[nycphp-talk] Masking Emails and Avoiding Spam - OOPS
Steve Manes
smanes at magpie.com
Thu May 1 21:10:57 EDT 2003
At 07:52 PM 5/1/2003 -0400, Jeff wrote:
>The point is that my client is panicking. He's worried he'll be put out
>of business now that AOL, MSN, et al., are talking about ways to deal
>with spam.
>
>I'm interested to hear what others may think about this particular
>situation.
He has every right to panic because they're not just talking. In the case
of AOL, they're already doing. I've forgotten the formula I saw a couple
of weeks ago but if you send X emails to non-existent/expired AOL accounts
in X days, you're automatically blackholed. Worse, your mail will just
disappear into the bit bucket without a bounce.
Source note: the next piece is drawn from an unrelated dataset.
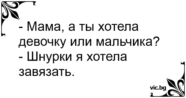 - Мама, а ты хотела мальчика или девочку? - Вообще-то, я хотела шнурки завязать.

I know what the "official" definition is, but I don't think spam is
unsolicited commercial email. It's unsolicited, unwanted bulk email. It's
a lot like pornography: you know it when you see it. If I was out of work,
living on ramen and water, and I landed a job because I was on that
headhunter's list, I'd have a very different opinion of those mailings than
someone who was happily employed at 3x the salary offered.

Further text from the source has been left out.